The impact of currently used AD treatments on salivary Lf concentration must be also explored. We estimated total protein content in collected saliva samples from AD patients, recruited from our recent study. Subjects were grouped as patients under treatment or not under treatment with AChE inhibitors, and patients under treatment with or not under treatment with memantine, which are drugs currently used for AD treatment. Although the secretion of salivary proteins is mediated by acetylcholine release under autonomic nervous system control, no changes were found in total protein concentration in saliva samples collected from AD patients, with or without AChE inhibitor treatment. However, salivary Lf levels were significantly increased in AD patients under AChE inhibitors treatment suggesting a protein‐specific effect. This could be explained as treatment with AChE inhibitors increases acetylcholine levels, thus upregulating Lf release in salivary glands. Such upregulation was reported in a study in which it was demonstrated that vasoactive intestinal peptide, which is released along with acetylcholine by parasympathetic nerves, stimulates Lf release in submucosal glands. Stimulation of parasympathetic neurons leads to the release of acetylcholine, which acts upon muscarinic receptors on salivary glands. AChE catalyzes the breakdown of acetylcholine, thus enzyme inactivation leads to acetylcholine accumulation, resulting in augmented muscarinic receptor‐mediated stimulation of Lf secretion. Regarding memantine, we did not find differences in salivary Lf concentration between samples from memantine‐treated compared to samples from non‐memantine–treated patients.

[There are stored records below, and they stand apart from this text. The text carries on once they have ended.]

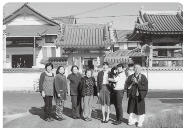
元旦の朝(住職と家族と檀家さん)
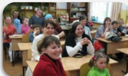
Итогом данного проекта явилось выступление перед родителями на родительском собрании.
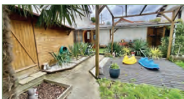
STAINS. Beau pavillon de plain pied dans le secteur recherché de l'AVENIR. Composé ainsi: Entrée, grand séjour de 50 m 2 ouvert sur cuisine, salle de bains + douche, 2 chambres, et chambre d'enfant. Climatisation et volets électriques. Parking. Grand F2 au fond de la parcelle sans aucun travaux. Le tout sur une parcelle de 336 m 2 . - 329 000 €
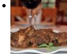
Rabo de toro con setas [1]

En esta ocasión os presentamos un plato tradicional, elaborado con los mejores ingredientes y que no dejará indiferente a nadie.
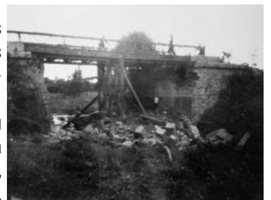
Destruction du pont de Querrieux par les Allemands le 3 août 1944

Si vous en possédez, du bourg, des villages, de la vie quotidienne, des fêtes, des commerces (épicerie, boucherie, boulangerie...), des métiers (boucher de campagne, métiers du bâtiment...), des travaux (à la campagne, dans les écoles, de voirie, sur les bâtiments...), des loisirs (fête du village, kermesse...), des manifestations religieuses (pardons, Rameaux...) elles nous intéressent.
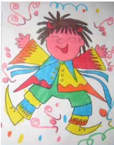
Il diavoleto rumore
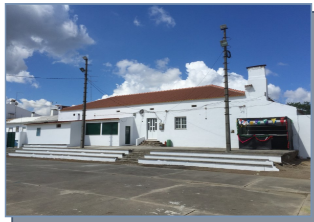
Pinturas na Sede do Grupo Desportivo e Recreativo de Palma
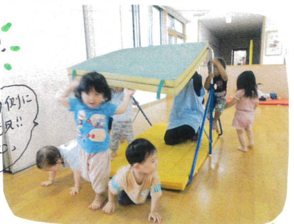
立て前進する子、はいはいで前進する子、排泄の仕方は子ども達それぞれです。「おはよう」とする姿もたくさん見られました。
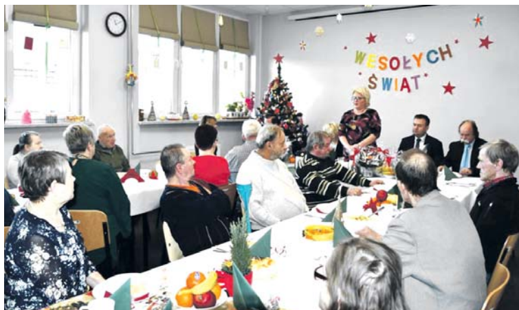
Spotkanie wigilijne w będzińskim Centrum Usług Społecznych przy ulicy Sienkiewicza.
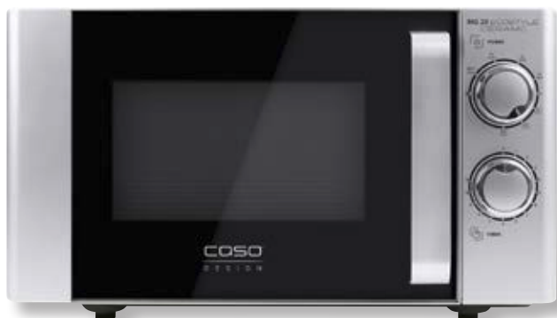
Forno a microonde MG 20 Ecostyle Ceramic
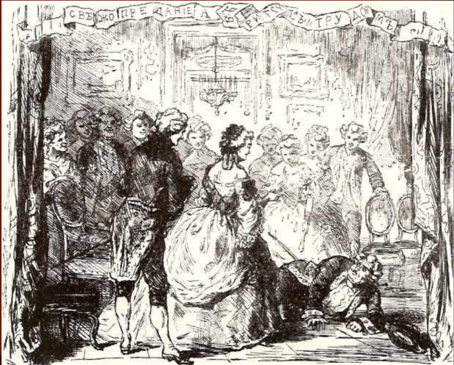
Гравюра на дереве. 1862

Теперь, чтобы смешить народ Отважно жертвовать затылком?
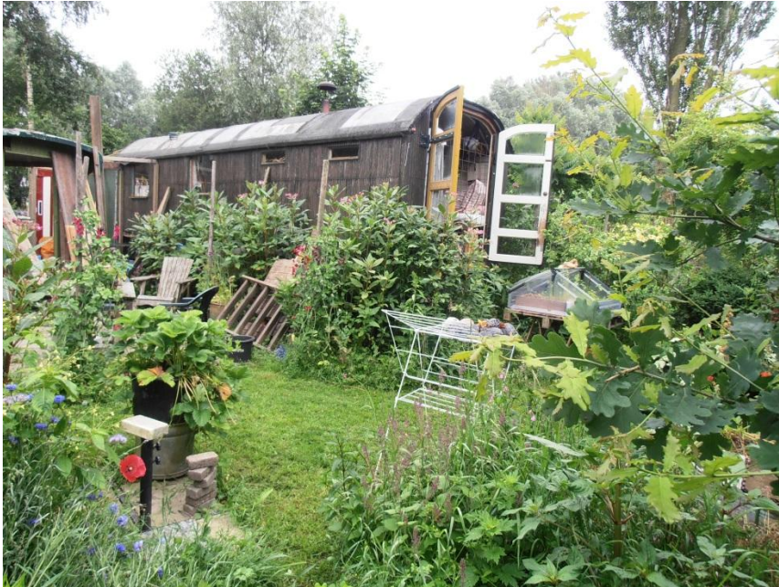
Figuur 4.1 Vrijheid.

“Ik merk ook dat ik veel minder de behoefte heb aan vakantie enzo. Ik hoef niet meer zo weg. Ik zeg ook altijd tegen anderen: ik kampeer het hele jaar. En zo voelt het ook. Het is een vrijheid die ik van kamperen en reizen en dat soort dingen ken. Ik ga wel eens weg, maar ik merk dat die behoefte steeds meer afneemt. Dus ik voel me hier echt thuis.” – Bodhi
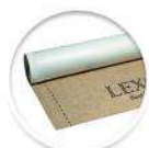
Паро-пропусклива покривна мембрана Roof-Foil
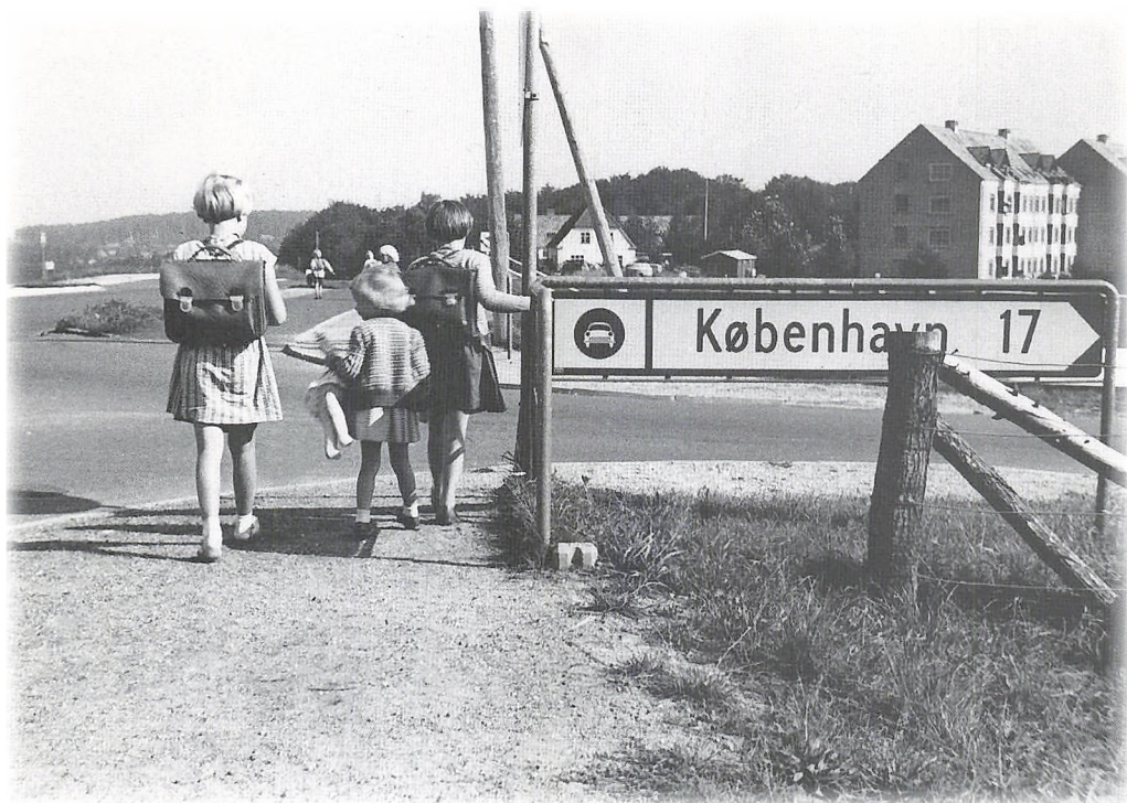
På vej hjem fra Gl. Holte Skole - 1952.

Flere af forretningerne overlever stadig, på trods af de store supermarkeds kæder i Holte og Trørød. Specielt for de ældre er det dejligt at have en købmand i nær- området.
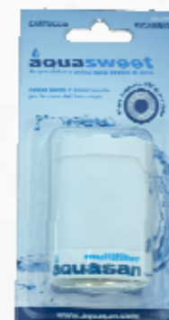
Art. 2299 Cartuccia di ricambio
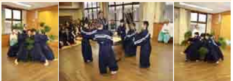
上記カレンダーは12月26日現在のものです。今後の行事などは行政チャンネルでお知らせします。
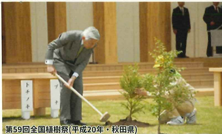
第59回全国植樹祭(平成20年・秋田県)
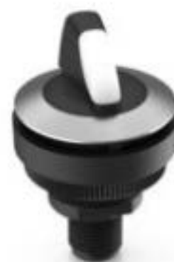
RAMO 30 S, M12, 圆形卡圈. 2 关. 金触. M12 4-极 A-编码. 前圈 不锈钢. 1 x 40°. 触感的
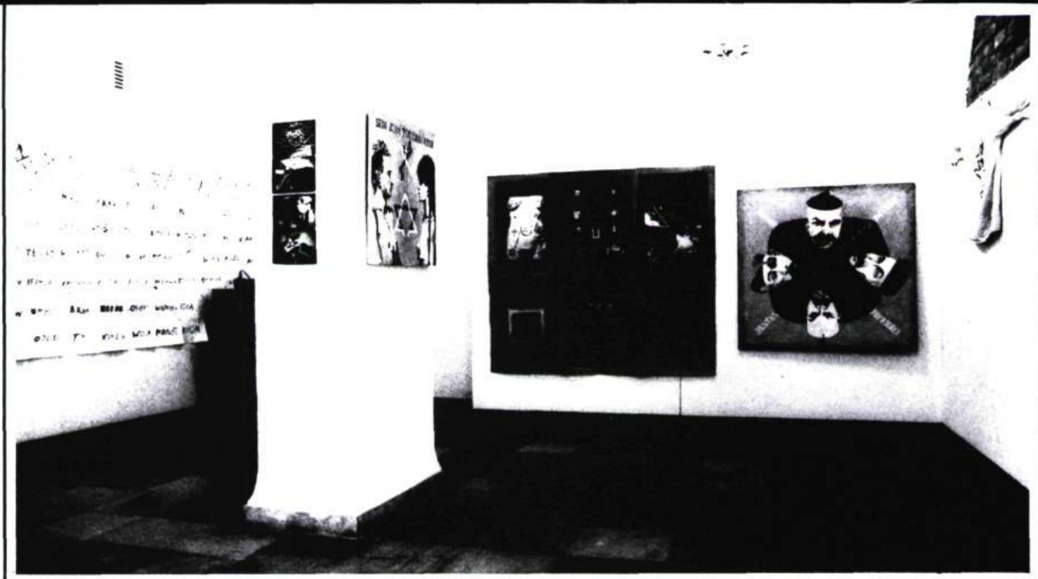
ZAKONSERWOWANE (PRESERVES), MAŁA GALERIA, (1984) • OUVERTURE-OPENING COLLECTION EXHIBITION, MAŁA GALERIA, 10TH YEAR ANNIVERSARY • JERZY TRUSZKOWSKI POZEGNANIE EUROPY (THE FAREWELL OF EUROPE), MAREK CRYGIEL, MAŁA GALERIA, (1988), VIDEO SHOW, PERFORMANCE AND EXHIBITION.
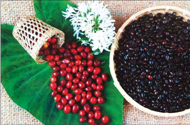
ခူးဆွတ်ပြီး ကော်ဖီစေ့ပုံ။

ကျွန်တော့် အစ်ကိုကြီးကား ဖျာပုံမြို့နယ် သလိပ်ကြီးကျေးရွာတွင် နေသူဖြစ်သည်။ အသက် ၈၀ ကျော်ပြီ။ သို့သော် ငယ်စဉ်က ၁၀ တန်းအထိ ကျောင်းနေခဲ့သူဖြစ်ပြီး ကိုယ်ပိုင်လယ်လုပ်ခဲ့သူ ဖြစ်သည်။ လယ် ၁၅ ဧက ခန့်ပိုင်သည်။ အသက် ၇၀ ကျော်မှ ကိုယ်တိုင်လယ်မလုပ်တော့ဘဲ ညီ များ၊ တူများကို လွှဲထားပေးခြင်းဖြစ်သည်။ သလိပ် ကြီးရွာတွင် လျှပ်စစ်မီးမရသေးသော်လည်း ကျေးလက်မီးလင်းရေး အစီအစဉ်ဖြင့် နေရောင်ခြည် စွမ်းအင်ဖြင့် မီးရသည်။ ရပ်မြင်သံကြား ကြည့်၍ ရသည်။ မြန်မာ့ရုပ်မြင်သံကြားသတင်းကို လက် မလွတ်တမ်းကြည့်သူဖြစ်၍ ဗဟုသုတရှိသည်။
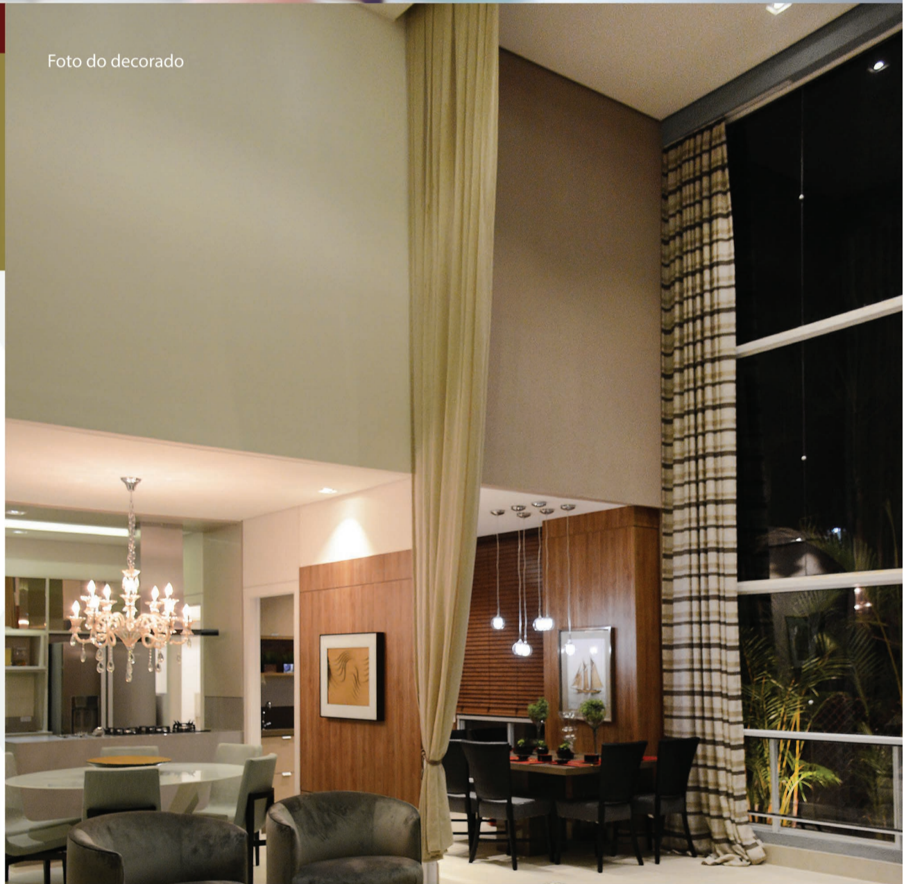
Foto do decorado

*O número de vagas irá depender do andar escolhido.

All of these differences are important factors to be considered and investigated in future multicenter studies. Our present results provide interesting and convincing evidence showing salivary Lf variability depends on extrinsic factors. Also, our work further supports the idea that salivary Lf be considered a sensitive and non‐invasive biomarker for AD.

ETHICS

Approval of the study was obtained from the local Research Ethics Review Committee from Hospital 12 de Octubre Research Institute in Madrid (Spain). Written informed consent was given from all participants or representatives. Subjects’ consent was obtained according to the Declaration of Helsinki, and approval came from the research ethics committee of the abovementioned institution.

CONFLICTS OF INTEREST

Dr. Eva Carro and Dr. Gorka Orive are co‐founders of GEROA Diagnostics. No other disclosures are reported.